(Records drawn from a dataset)
↓↓↓
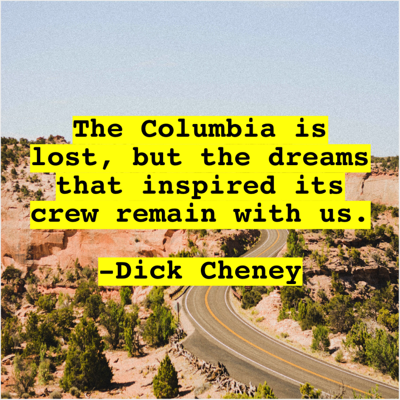 Dick Cheney Dick Cheney – The Columbia is lost, but… September 5, 2019 admin “The Columbia is lost, but the dreams that inspired its crew remain with us.”-Dick Cheney
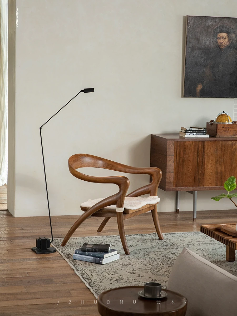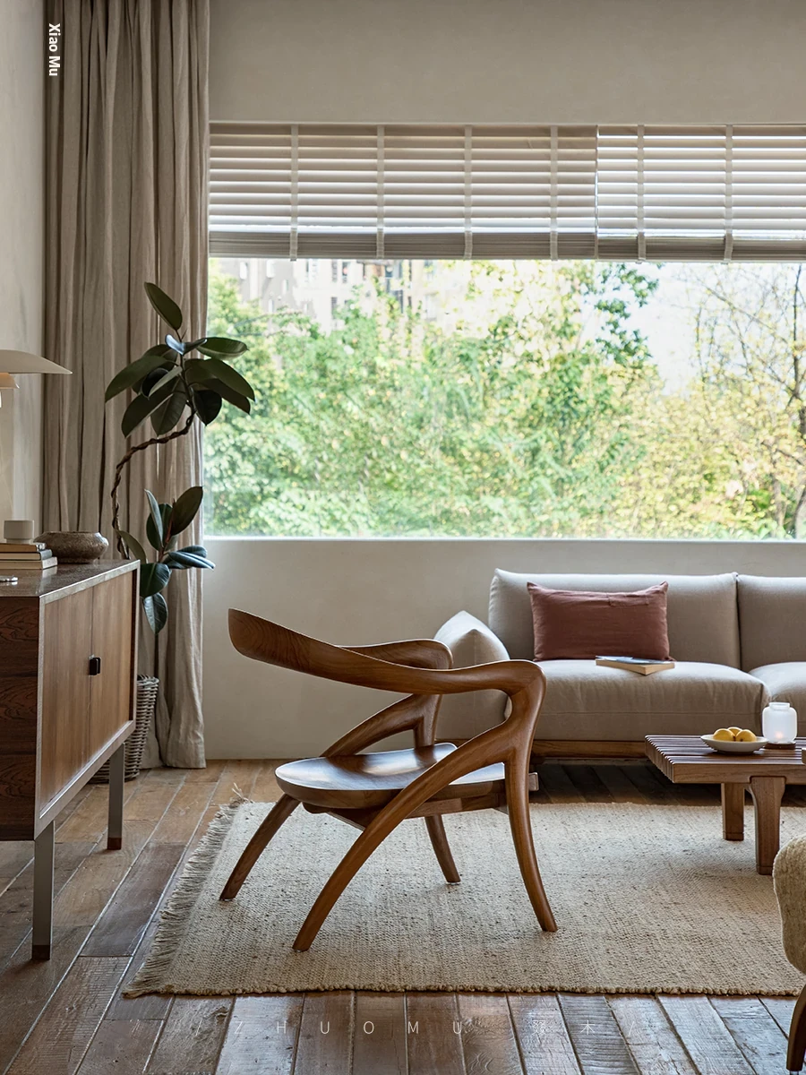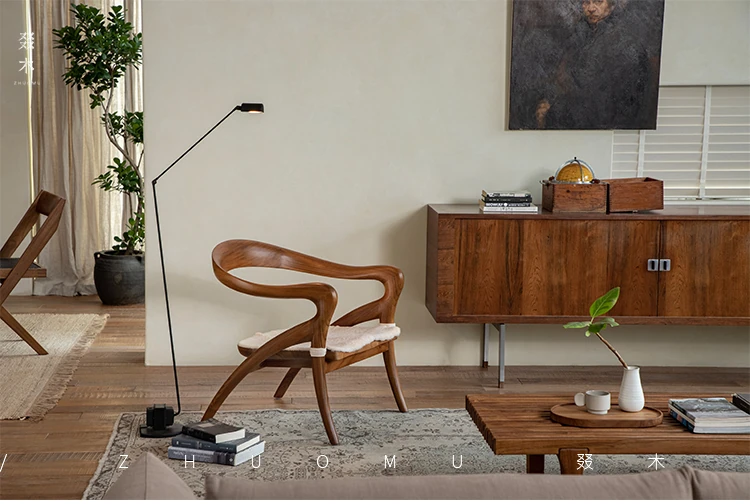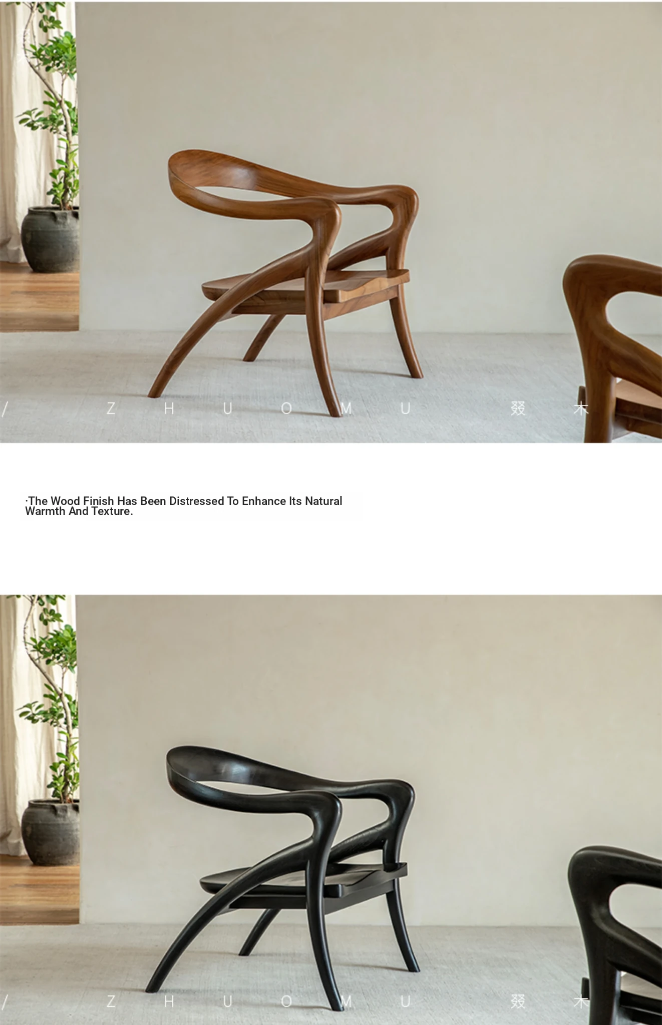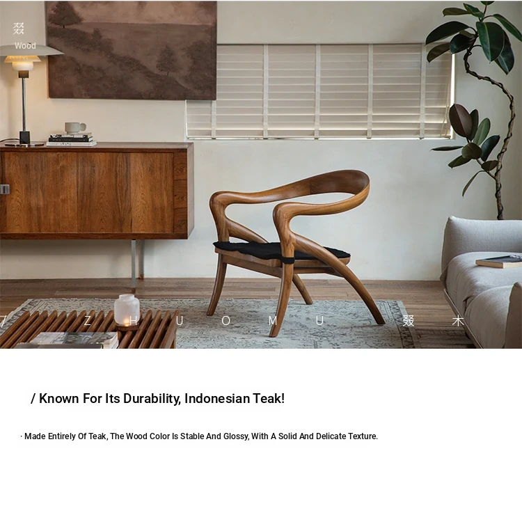 ZhuoMu | Vintage-Inspired Designer Lounge Chair for Wabi-Sabi Aesthetics, Perfect for Tea Rooms and Airbnb Spaces – Solid Teak Single Sofa Chair, Fully Handmade and Unique
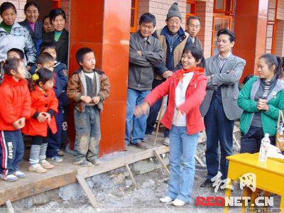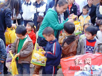 (愛心網(wǎng)友在為孩子們分發(fā)物資)
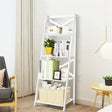 4-tier Leaning Free Standing Ladder Shelf Bookcase-White
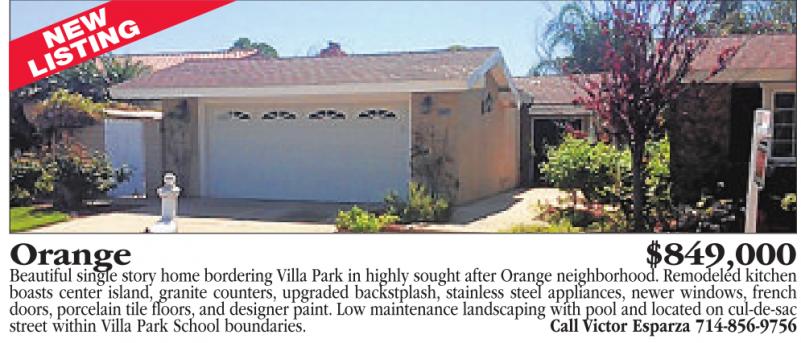 Beautiful single story home bordering Villa Park in highly sought after Orange neighborhood. Remodeled kitchen boasts center island, granite counters, upgraded backstplash, stainless steel appliances, newer windows, french doors, porcelain tile floors,and designer paint. Low maintenance landscaping with pool and located oncul-de-sac street within Villa Park School boundaries. Call Victor Esparza 714-856-9756
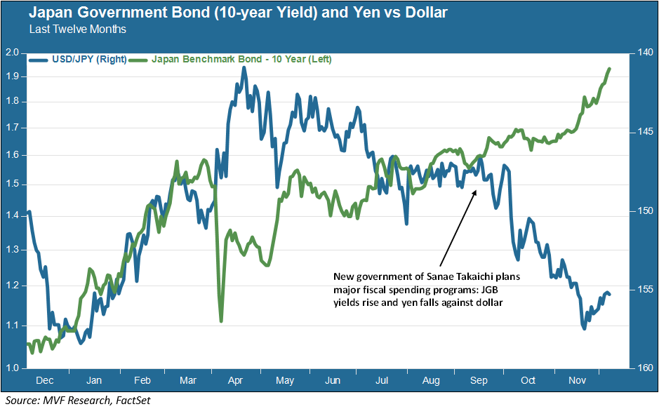 The policy action stems from concerns that the new Takaichi government will be tapping the debt market for sizable supplemental issuances next year in order to fund a massive budgetary program to promote economic growth. Investors have grown wary of longer-dated bonds recently, with a collective holding of breath and then a measure of relief when a 20-year JGB auction this week managed to scrape out enough demand to cover the issue. Observers worry that the government’s plans will prove too ambitious for the market to swallow, particularly if the size of the government’s budget necessitates going back to those shaky longer maturities. The same concerns have been behind the recent pronounced weakness in the yen against other major currencies.
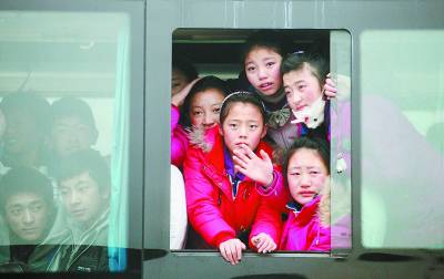 12月30日,玉树的学生们在大巴车窗口与老师依依惜别。当日,在天津耀华滨海学校异地复课的500余名玉树灾区学生正式结束了在天津的学习生活,踏上了返乡的旅途。
↑↑↑
## About this exercise:
Copy every line of the records exactly as it is written, but not the pictures.

## Exercise answer:
 Dick Cheney Dick Cheney – The Columbia is lost, but… September 5, 2019 admin “The Columbia is lost, but the dreams that inspired its crew remain with us.”-Dick Cheney
 ZhuoMu | Vintage-Inspired Designer Lounge Chair for Wabi-Sabi Aesthetics, Perfect for Tea Rooms and Airbnb Spaces – Solid Teak Single Sofa Chair, Fully Handmade and Unique
 (愛心網(wǎng)友在為孩子們分發(fā)物資)
 4-tier Leaning Free Standing Ladder Shelf Bookcase-White
 Beautiful single story home bordering Villa Park in highly sought after Orange neighborhood. Remodeled kitchen boasts center island, granite counters, upgraded backstplash, stainless steel appliances, newer windows, french doors, porcelain tile floors,and designer paint. Low maintenance landscaping with pool and located oncul-de-sac street within Villa Park School boundaries. Call Victor Esparza 714-856-9756
 The policy action stems from concerns that the new Takaichi government will be tapping the debt market for sizable supplemental issuances next year in order to fund a massive budgetary program to promote economic growth. Investors have grown wary of longer-dated bonds recently, with a collective holding of breath and then a measure of relief when a 20-year JGB auction this week managed to scrape out enough demand to cover the issue. Observers worry that the government’s plans will prove too ambitious for the market to swallow, particularly if the size of the government’s budget necessitates going back to those shaky longer maturities. The same concerns have been behind the recent pronounced weakness in the yen against other major currencies.
 12月30日,玉树的学生们在大巴车窗口与老师依依惜别。当日,在天津耀华滨海学校异地复课的500余名玉树灾区学生正式结束了在天津的学习生活,踏上了返乡的旅途。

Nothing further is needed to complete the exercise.